Onder deze honden bevonden zich
de voorvaders van de Newfoundlander, de Landseer, de Labrador en de Flat Coated
Retriever. De Golden Retriever stamt wellicht af van middelgrote exemplaren met
lang en geel haar. De Britse Lords gebruikten de honden van Newfoundland om te
komen tot een ideale formule voor de hedendaagse Retrievers. Daartoe kruisten ze
deze honden met jachthonden. Zo heeft men voor de Curly Coated Retriever
ongetwijfeld gebruik gemaakt van Water Spaniëls met krulhaar. Voor de Flat
Coated Retriever zijn waarschijnlijk Setters gebruikt, en voor de Labrador
wellicht Bloedhonden en Pointers. Ook de Golden Retriever is voortgekomen uit
zo'n selectieve fokkerij. Bij hem is gebruik gemaakt van gladharige Water
Spaniëls.
Na een aarzelend begin
ontwikkelde er zich een harde strijd tussen de Retrievers, want de
'afzetmogelijkheid' was zeer beperkt. Er waren niet veel verschillende rassen
nodig om de zeer bijzondere taak te verrichten die men deze honden toekende.

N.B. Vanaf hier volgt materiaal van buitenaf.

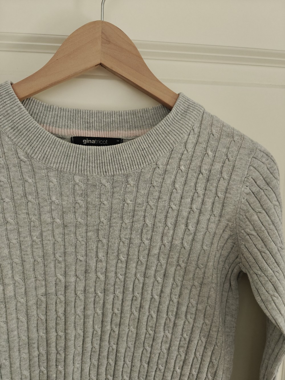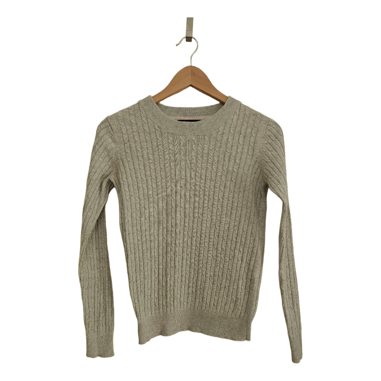 Gray cable knit sweater. Size M, fits better a size S.
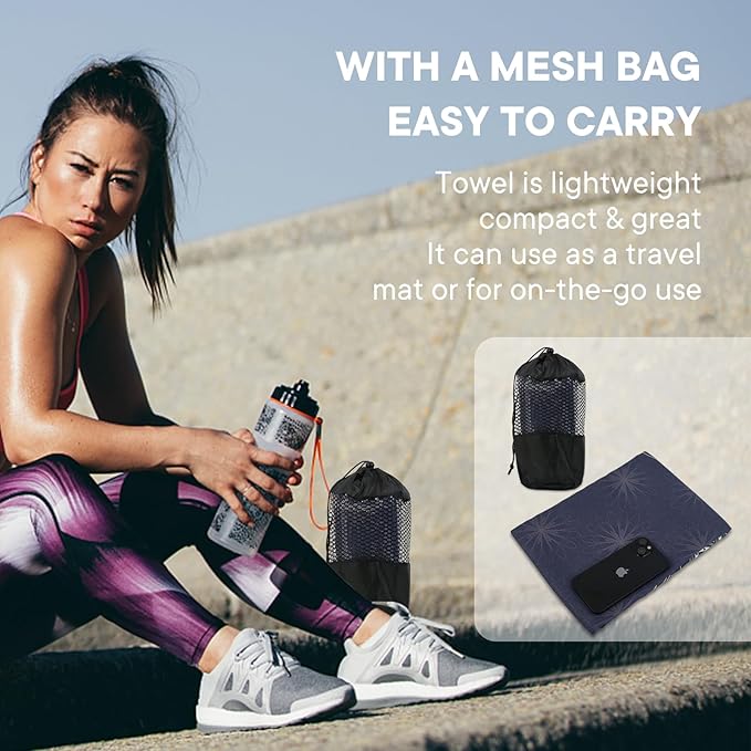 - HYGIENIC AND HEALTHY: By using this yoga towel on top of the studio mat, you can put a hygienic layer between you and the mat. This will increase your confidence and remove your worries about whose sweat and germs you'll be practicing on. It's lightweight, easy to carry, and fits nicely in your bag.

Verder waren er maar weinig jagers buiten Groot-Brittannië die hun Engelse
collega's wilden volgen op de weg van extreme specialisatie. Juist in deze,
periode ontstonden de field trials voor Retrievers. Deze wedstrijden hadden een
meedogenloze selectie van de rassen tot gevolg. Rassen waarbij meer zorg werd
besteed aan het uiterlijk dan aan de prestaties, werden naar de achtergrond
verdrongen. Zo konden de Labrador en de Golden Retriever in het begin van de 20e
eeuw de Curly Coated Retriever voorbijstreven. Datzelfde deden ze in de jaren
'20 met de Flat Coated Retriever.
Uit de statistieken van de
Britse Kennel Club blijkt dat de omschakeling van jachthond naar gezelschapshond
erg succesvol is geweest voor de Retrievers. Ze behoren tegenwoordig tot de
populairste rassen. Zowel de Labrador Retriever als de Golden Retriever zijn
enorm geliefd, vooral in Groot-Brittannië, de Verenigde Staten, Nederland en in
de Scandinavische landen. De eerste Golden Retrievers werden in 1932 in
Nederland geïmporteerd. Vanaf die tijd heeft het ras zich geleidelijk aan
ontwikkeld tot de populairste gezelschapshond in Nederland.